Figure | Wu Hui (Source: Tsinghua University)
Because of their unique physico-chemical properties, nanofibers are used in different fields such as environmental filtration, energy storage, flexible electronics, tissue engineering, intelligent fabrics, and personal virus protection. In order to promote the further application of nanofiber materials in end products, more advanced manufacturing science and related technologies must be developed, and only in this way can large-scale production of nanofibers be achieved with high efficiency, low cost, and continuous stability.

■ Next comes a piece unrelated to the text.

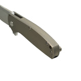 Originally offered as a Semi-Custom, this Full Production version of the UpSide-Down Jasmine framelock flipper features a modified wharncliffe blade measuring at 3.125 inches. All versions feature titanium handles which are either beautifully anodized or stonewashed for a heavy duty user finish.

Some of the current nanofiber fabrication methods, such as template synthesis, hydrothermal and molecular self-assembly methods, are still in the laboratory-scale development stage due to the complexity of the equipment and low productivity. Meltblown is a widely used method for preparing microfibers in industry, but this method is difficult to prepare fibers with a diameter of less than 1 μm and is only suitable for thermoplastic polymers. Solution spinning methods, including electrospinning, centrifugal spinning, mechanical stretching and solution gas spinning, etc., so that various types of microfibers can be prepared and have attracted wide attention.

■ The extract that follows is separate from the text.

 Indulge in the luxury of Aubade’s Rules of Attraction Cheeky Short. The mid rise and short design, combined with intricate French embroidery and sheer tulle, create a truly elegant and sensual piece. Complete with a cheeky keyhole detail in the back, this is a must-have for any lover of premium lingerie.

In a typical solution spinning process, the polymer solution is ejected from the tip of the needle and stretched by electrostatic, centrifugal or gas shear forces, followed by evaporation of the solvent to obtain fibers. Electrospinning is a widely used solution spinning technique for the manufacture of nanofibers.
However, its main technical shortcomings, including complex electric field design, solvent evaporation and fiber collection difficulties, high-pressure safety issues, needle blockage, droplet formation, and low yield issues, hinder its widespread use in industrial environments.
Centrifugal spinning can achieve higher fiber productivity, but its average fiber diameter is still higher compared to electrospinning. Therefore, despite the rapid development of existing nanofiber manufacturing technologies, it is still challenging to produce on an industrial scale without compromising their quality.
Use an electrostatic field as an alternative
As an alternative to electrostatic fields, high-speed airflow as a driving force for spinning microfibers from solution is attracting more and more attention. In a typical solution gas spinning process, the shear force induced by the air flow at the gas-liquid interface is used to refine the solution extruded from the tip of the needle, forming a jet of liquid along the direction of flow.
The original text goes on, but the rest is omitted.